- Diocese: Wilcannia–Forbes
- Installed: 26 September 1967
- Term ended: 30 March 1994
- Predecessor: Thomas Martin Fox
- Successor: Barry Francis Collins
- Other posts: Auxiliary Bishop of Wilcannia–Forbes (1964–1967) Titular Bishop of Aquae Novae in Numidia (1964–1967)

Orders
- Ordination: 20 December 1942 at Rome by Pietro Fumasoni Biondi
- Consecration: 27 July 1964 at Cathedral of St Michael and St John, Bathurst by Norman Thomas Gilroy

Personal details
- Born: Douglas Joseph Warren 21 March 1919 Canowindra, New South Wales, Australia
- Died: 6 February 2013 (aged 93) Parkes, New South Wales, Australia
- Denomination: Catholic Church
- Occupation: Catholic bishop
- Alma mater: St Columba's College, Sringwood Pontificio Collegio Urbano de Propaganda Fide
- Motto: Cor Docile ("An Obedient Heart")

= Douglas Warren (bishop) =

Douglas Joseph Warren (21 March 1919 – 6 February 2013) was an Australian bishop of the Roman Catholic Church.

==Early life==
Warren was born in Canowindra, New South Wales, one of five children to Alfred, a draper, and Sara Warren. He attended St Joseph's Convent School, Canowindra and St Edward's Catholic School, Canowindra. In 1936, he was accepted as a student at St Columba's College, Springwood to begin studies for the priesthood. He continued his studies at the Pontificio Collegio Urbano de Propaganda Fide. His mother passed away in 1941, while he was studying for the priesthood in Rome.

==Priesthood==
Warren was ordained a priest on 20 December 1942 for the Diocese of Wilcannia-Forbes in Rome by Cardinal Pietro Fumasoni Biondi. Following his ordination, he remained in Rome for further studies. He was forced to flee the city in 1943 following the German occupation of Rome. He went first to Lisbon, Portugal before going to England where they ministered while awaiting a secure passage back to Australia. He finally returned to Australia in March 1944, returning through the Panama Canal.

His first appointment was as curate at Parkes. In 1947, he was appointed secretary to Bishop Thomas Martin Fox and Chancellor of the Diocese of Wilcannia–Forbes. In 1956, he was appointed administrator of Forbes.

==Episcopacy==
On 16 June 1964, he was appointed Auxiliary Bishop of Wilcannia–Forbes and Titular Bishop of Aquae Novae in Numidia by Pope Paul VI. He was consecrated by Cardinal Sir Norman Thomas Gilroy on 27 July 1964 at Sacred Heart Cathedral, Broken Hill.

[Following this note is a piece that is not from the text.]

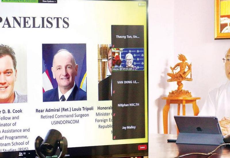 ရင်းနှီးမြှုပ်နှံမှုနှင့် နိုင်ငံခြားစီးပွားဆက်သွယ်ရေးဝန်ကြီးဌာန ပြည်ထောင်စု ဝန်ကြီး ဦးသောင်းထွန်းသည် အာရှ-ပစိဖိတ် လုံခြုံရေး ဆိုင်ရာ လေ့လာမှုစင်တာ (APCSS) က ယနေ့ ကျင်းပသည့် “ကိုဗစ်-၁၉ နှင့် အလွန်ကာလ - ကြံ့ကြံ့ခံနိုင်မှု မြင့်မားရေး နိုင်ငံတကာ ပူးပေါင်းဆောင်ရွက်မှု” အလုပ်ရုံဆွေးနွေးပွဲသို့ virtual conference ဖြင့် တက်ရောက်၍ အဓိကဦးဆောင်ဆွေးနွေးသူအဖြစ် ပါဝင် ဆွေးနွေးသည်။

While working as Auxiliary Bishop, Warren travelled to Brewarrina, a small town of a few hundred people, to bless the new rectory. The town had been suffering an 18-month drought when he arrived, which had caused the loss of thousands of sheep, the principal industry in the region. After the blessing, he offered up Mass in the local church for the intention of rain. While leaving, storm clouds gathered an the clouds burst down in a deluge, causing Warren to become stuck in thick mud, and forcing the group to be rescued. The story went viral and was reported in multiple newspapers in the United States.

Following the death of Bishop Thomas Martin Fox, he was appointed Bishop of Wilcannia–Forbes on 26 September 1967.

As bishop, he was known for riding a Matchless motorcycle between parishes due to the many unpaved roads across the vast and rural diocese which he shepherded.

He worked particularly hard in the area of education, under a new funding arrangement and reorganised central administration. He also supervised the growth in Catholic lay teachers in the region, to replace the declining numbers of members of religious orders working in education.

==Retirement and death==
Warren retired as Bishop of Wilcannia–Forbes on 30 March 1994, after reaching the canonical retirement age of 75. He died on 6 February 2013, at the Southern Cross Village in Parkes, New South Wales. At the time of his death, he was the oldest Australian Roman Catholic bishop at the age of 93.